От переизбытка чувств он вскочил, начал ходить возле костра, сунув руки в карманы, нахохлившись.

– Ты знаешь, я даже поэзию полюбил благодаря тебе.

– Да?

– Хочешь, прочту самое заветное? – слегка иронизируя над собой, спросил он, но посмотрел с надеждой.

– Конечно, хочу.

В ночной тиши сокровенной, пронзительной болью звучало тютчевское:

 
Когда на то нет божьего согласья,
Как ни страдай она, любя, —
Душа, увы, не выстрадает счастья,
Но может выстрадать себя…
 

Ирина повторила про себя самую сильную строку четверостишья: «Душа, увы, не выстрадает счастья». И в самом деле не выстрадает. Но станет мудрее, тоньше, возвышеннее, ибо «выстрадает себя».

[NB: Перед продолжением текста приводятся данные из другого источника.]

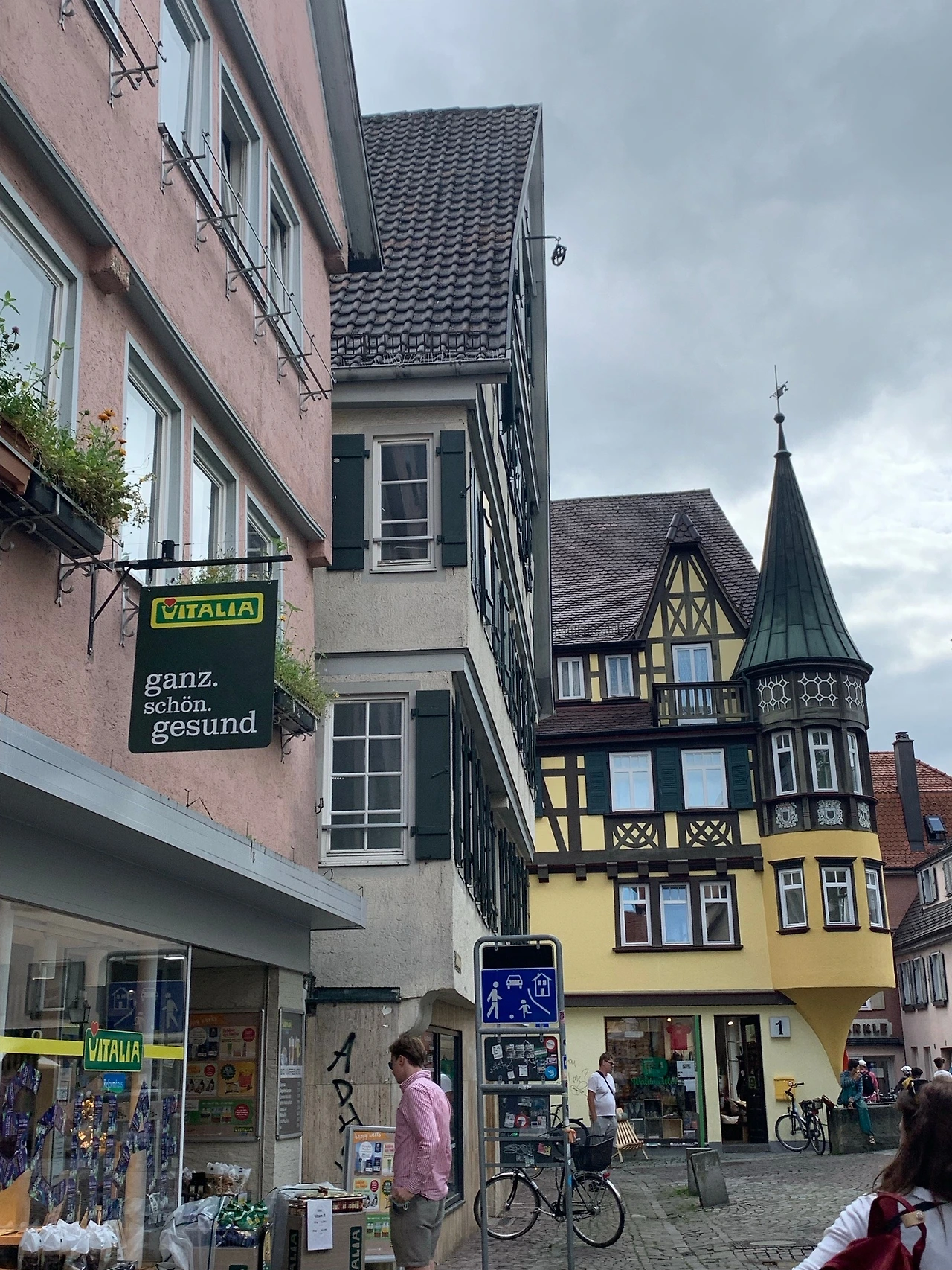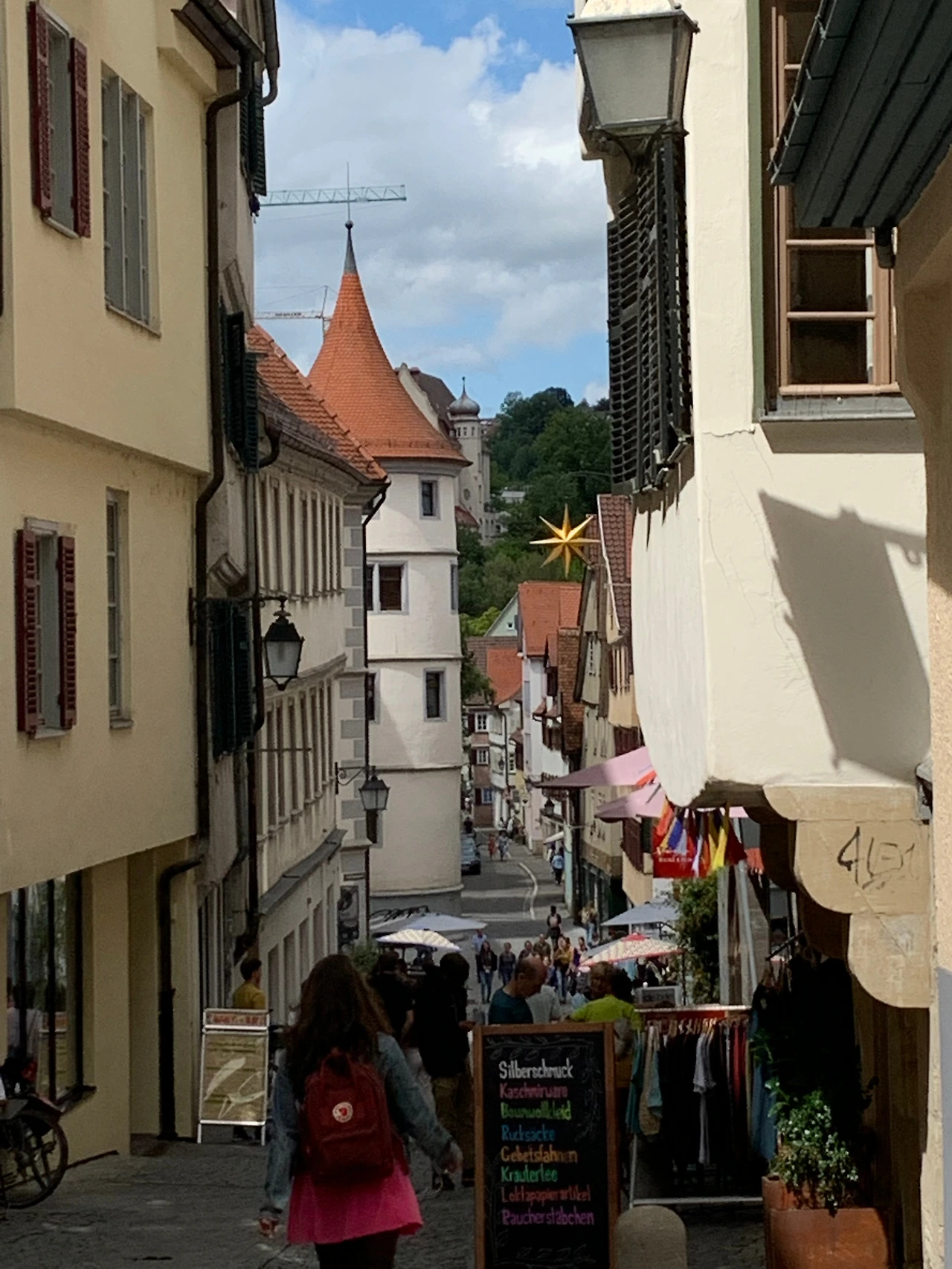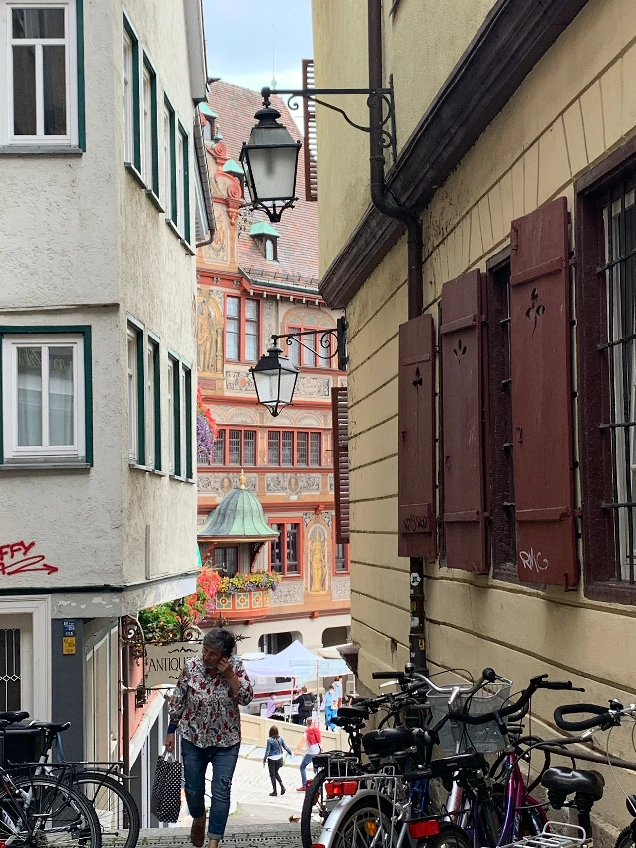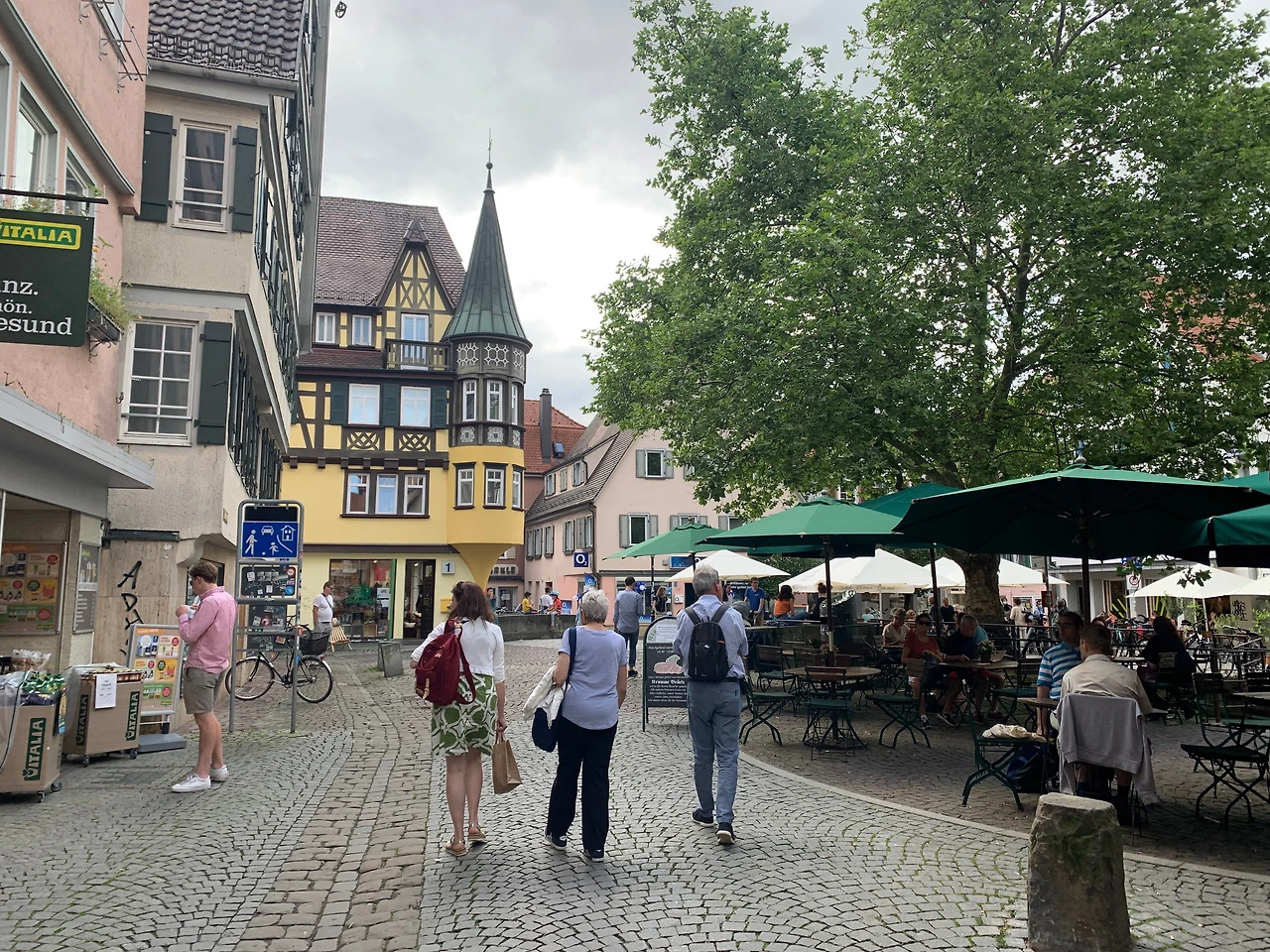수없이 퍼져있는 작은 골목길들, 중세로부터 내려오는 돌바닥과 돌계단들, 골목골목 숨어있는 카페와 레스토랑, 즐비하게 늘어선 독일의 전통적인 건물들. 펀팅이 끝나고 구석구석까지 아기자기하고 예쁜 이 중세 타운을 탐험했다. 커피숍, 작은 상점, 음식점들이 모두 중세 분위기에 녹아들어 있다. 길가에 펼쳐진 마켓에서는 식자재와 꽃들을 팔고 있고, 파라솔 아래 예쁜 탁자에는 젊은이들로 가득하다. 튜빙엔은 이 지방에서 하이델베르크 다음으로 큰 대학타운이다. 이 도시에 대학교가 있는 것이 아니라 이 도시 자체가 대학이라는 말이 있을 정도로 활기차고 젊은 도시이다. 그러면서도 오랜 세월이 숨 쉬는 느낌을 주는 도시이다. 건물들은 중세 이전부터 약 200 년 전까지 지어진 건물들이 대부분인데 그중에서도 마켓 광장에 위치한 시청이 눈에 확 띈다. 청동색 지붕의 작고 뾰족한 탑들과 화려하고 정교한 외부벽이 매우 독특하다. 1400 년대에 처음 지어졌다는데 한번 보면 못 잊을 것 같이 특이하고 아름다운 건물이다.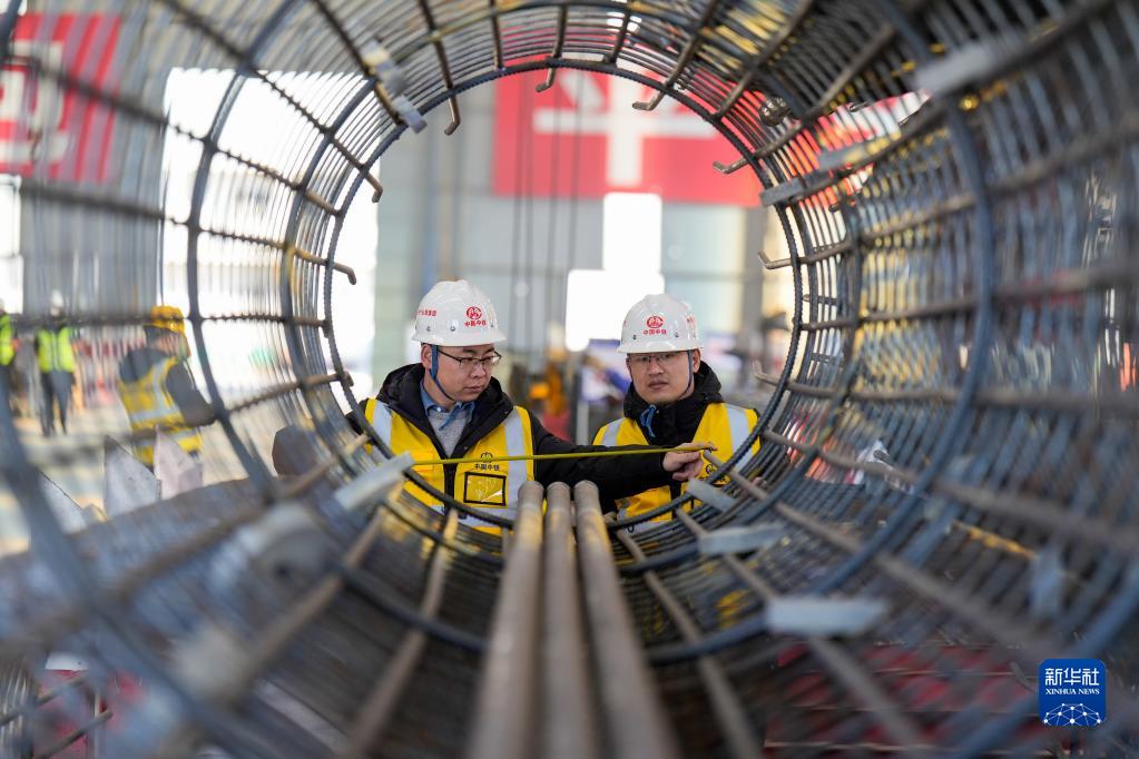 2月25日,在雄忻高鐵雄保段一標段鋼筋加工場(chǎng)內,中鐵電氣化局的施工人員檢測鋼筋質(zhì)量。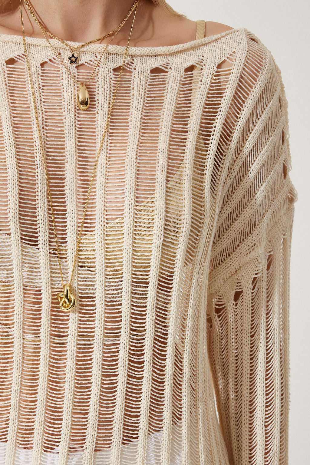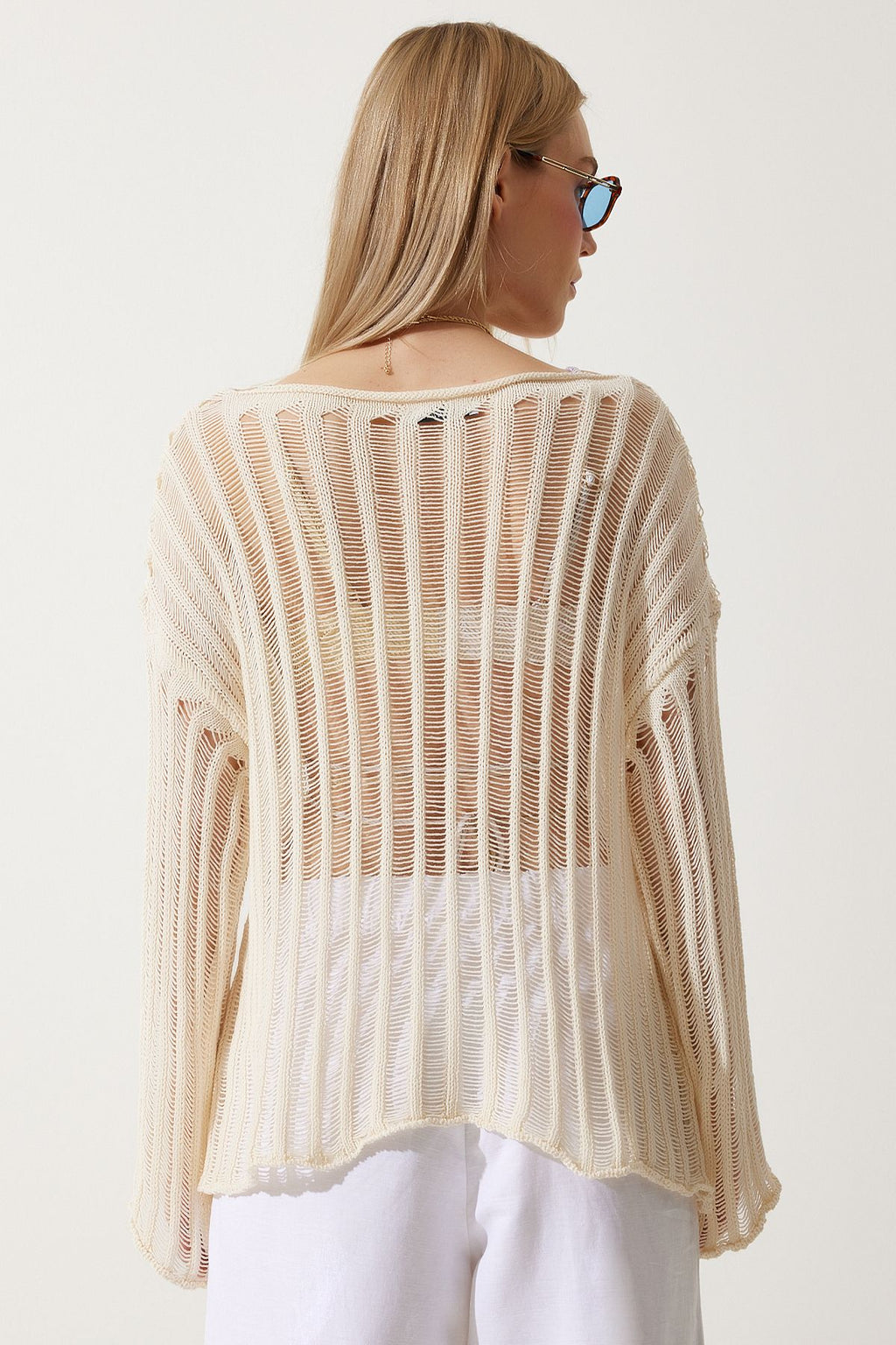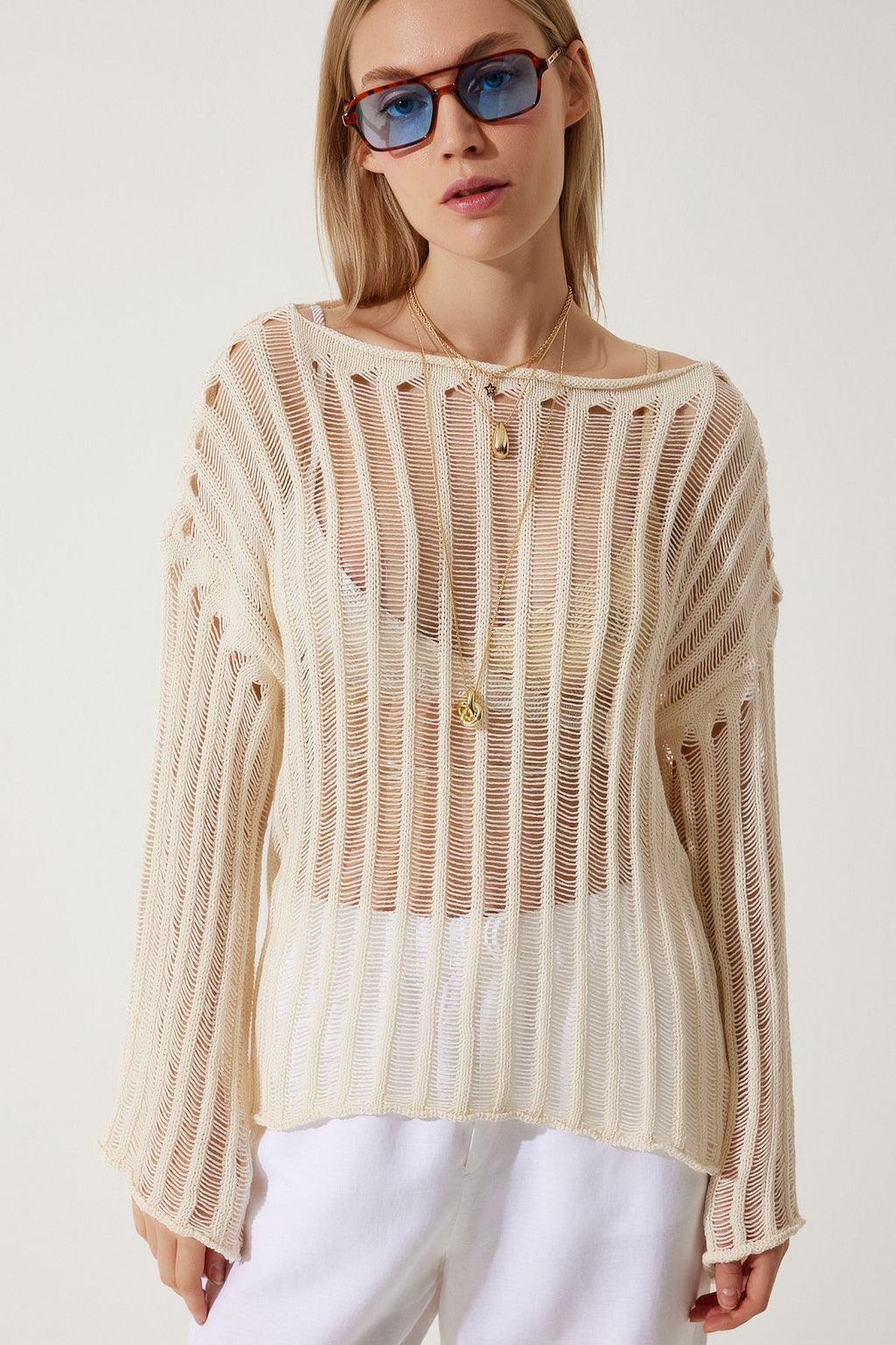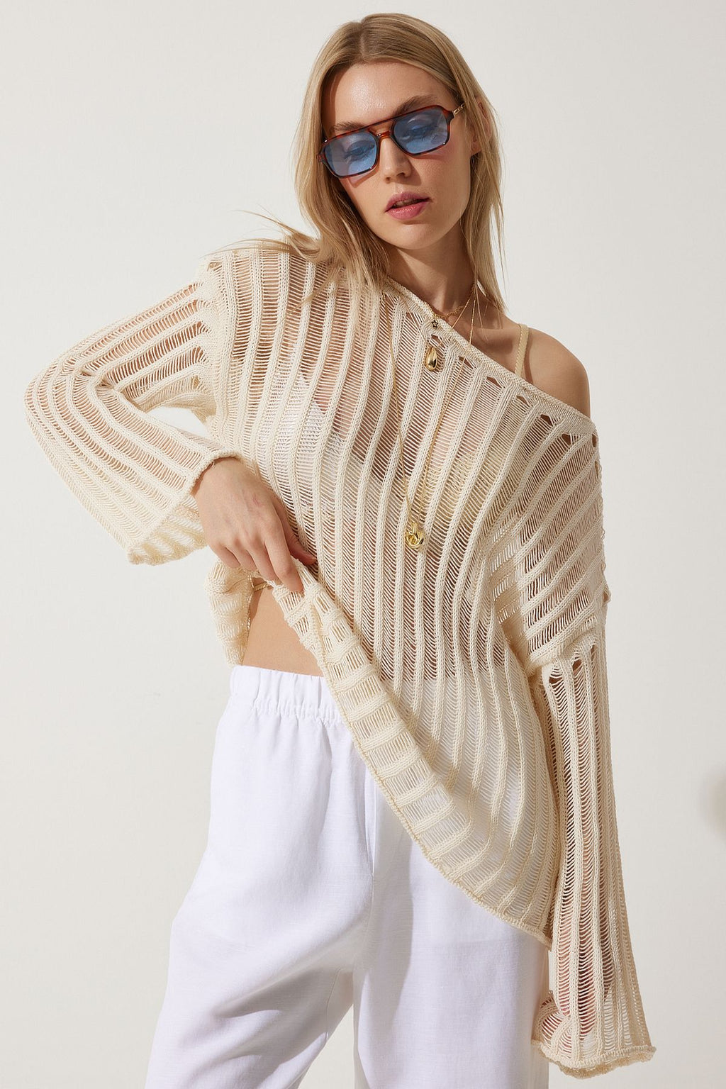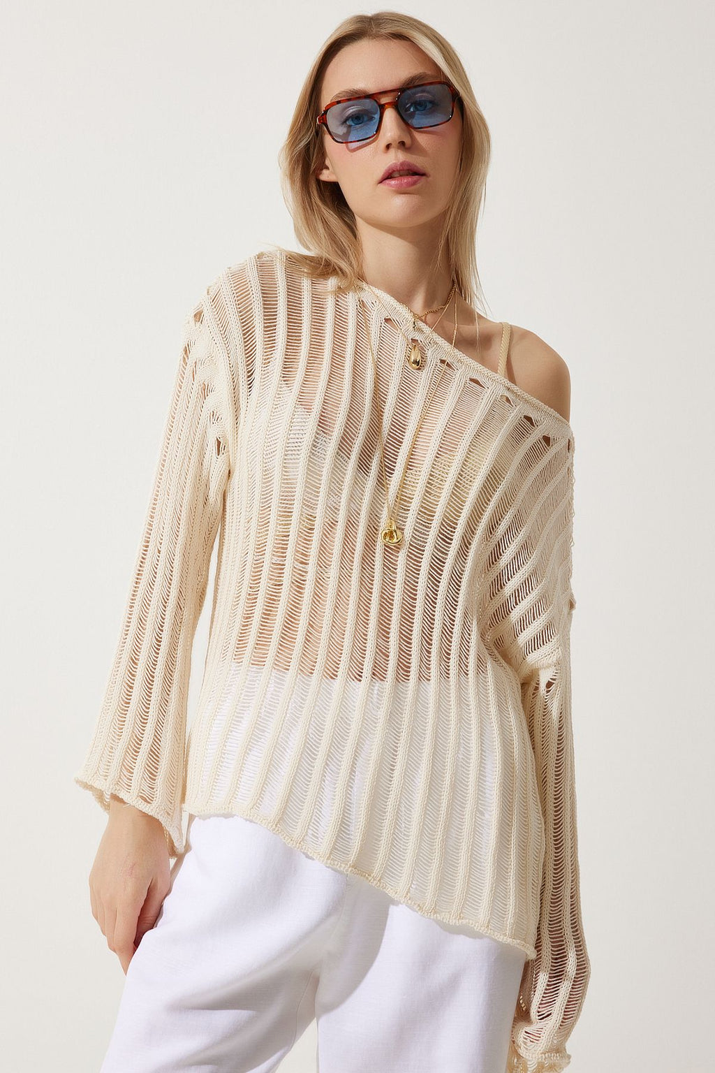 Women's Cream Low Shoulder Summer Occupational Triko Blouse MC00285

– Ребята! – раздался звонкий голос Эльвиры. – Айда купаться! Вода как чай.

Григорий с Эльвирой, будто дети, взявшись за руки, радостно блестя глазами и шумно дыша, подошли к догорающему костру.

– Не вода, а сплошной кайф, – подтвердил Григорий.

– Вы что, купались? – удивилась Ирина.

– Ага. Чего и вам желаем. Кончайте киснуть и бегом в воду, не пожалеете.

– А дно песчаное? – не поддавалась на уговоры Ирина.

– Песчаней не бывает. Как на Лазурном берегу.

– Может, окунемся? – неуверенно спросила Ирина.

– А пошли! – вдруг встрепенулся Виктор. – Давно по ночам не плавал.

– Только никакого плаванья, – строго сказала Ирина. – У берега окунемся и все.

– Эх вы, окунята мелкие! «Окунемся и все», – передразнил Григорий. – Мы с Элли на Березовый мыс сплавали, и ничего.

– Куда? – изумился Виктор. – На Березовый мыс? Ты рехнулся, Селиван! Ладно бы один, а то женщину заставил рисковать. Ну и му… Кхм! Чудак ты, Гришка, но на другую букву.

– А вы не оскорбляйте моего напарника! – заступилась за Григория Эльвира. – Заплыв прошел нормально. Без эксцессов. Правда, Гриша? На воде ни одного колыхания, тишь да гладь. А плаваю я отлично.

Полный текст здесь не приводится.